Task directions: The lines below from the one with "Baggy to eklektyczna" up to and including the one with "Beautiful home in" are what you should set down, exactly and without pictures.

***** Given data

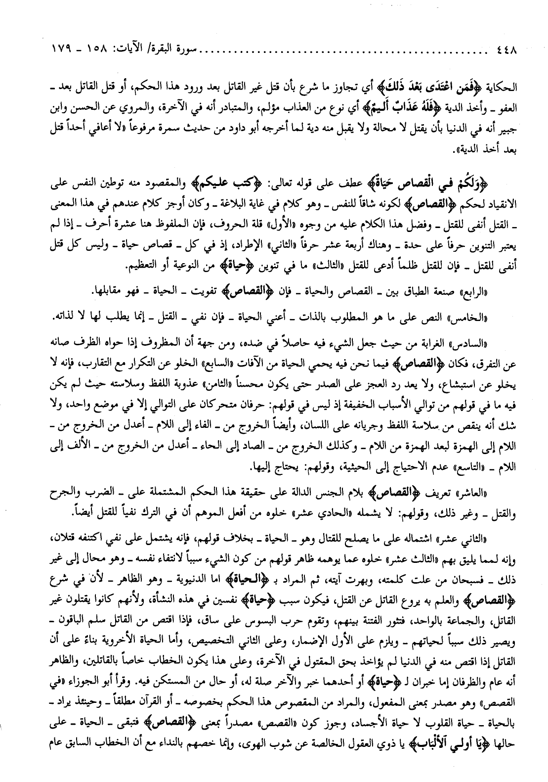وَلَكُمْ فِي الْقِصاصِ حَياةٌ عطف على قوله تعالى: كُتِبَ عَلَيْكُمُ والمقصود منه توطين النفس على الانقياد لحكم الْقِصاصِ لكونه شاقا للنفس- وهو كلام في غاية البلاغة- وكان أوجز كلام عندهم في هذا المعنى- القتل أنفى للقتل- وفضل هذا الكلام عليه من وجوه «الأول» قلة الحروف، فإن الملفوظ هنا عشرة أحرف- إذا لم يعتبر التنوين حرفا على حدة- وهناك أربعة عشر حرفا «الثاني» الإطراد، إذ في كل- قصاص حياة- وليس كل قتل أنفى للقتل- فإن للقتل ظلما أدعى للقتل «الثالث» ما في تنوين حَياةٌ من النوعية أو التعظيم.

**********
***** Given data

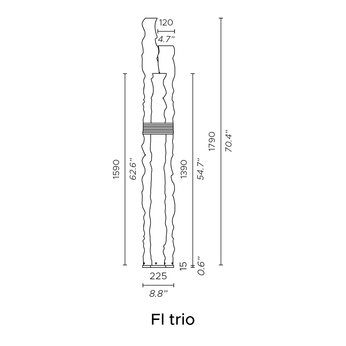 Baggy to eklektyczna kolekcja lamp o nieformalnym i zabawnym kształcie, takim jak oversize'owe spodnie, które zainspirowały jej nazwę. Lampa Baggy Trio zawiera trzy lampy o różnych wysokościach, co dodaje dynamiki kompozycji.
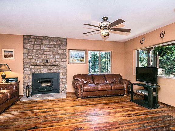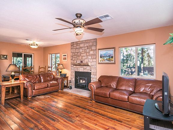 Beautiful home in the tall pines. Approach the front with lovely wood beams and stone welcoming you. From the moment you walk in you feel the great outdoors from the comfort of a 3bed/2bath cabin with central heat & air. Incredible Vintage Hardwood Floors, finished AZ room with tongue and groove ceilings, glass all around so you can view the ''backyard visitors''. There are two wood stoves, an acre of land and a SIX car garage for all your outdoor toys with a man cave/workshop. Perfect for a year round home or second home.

**********

Output below:
 Baggy to eklektyczna kolekcja lamp o nieformalnym i zabawnym kształcie, takim jak oversize'owe spodnie, które zainspirowały jej nazwę. Lampa Baggy Trio zawiera trzy lampy o różnych wysokościach, co dodaje dynamiki kompozycji.
 Beautiful home in the tall pines. Approach the front with lovely wood beams and stone welcoming you. From the moment you walk in you feel the great outdoors from the comfort of a 3bed/2bath cabin with central heat & air. Incredible Vintage Hardwood Floors, finished AZ room with tongue and groove ceilings, glass all around so you can view the ''backyard visitors''. There are two wood stoves, an acre of land and a SIX car garage for all your outdoor toys with a man cave/workshop. Perfect for a year round home or second home.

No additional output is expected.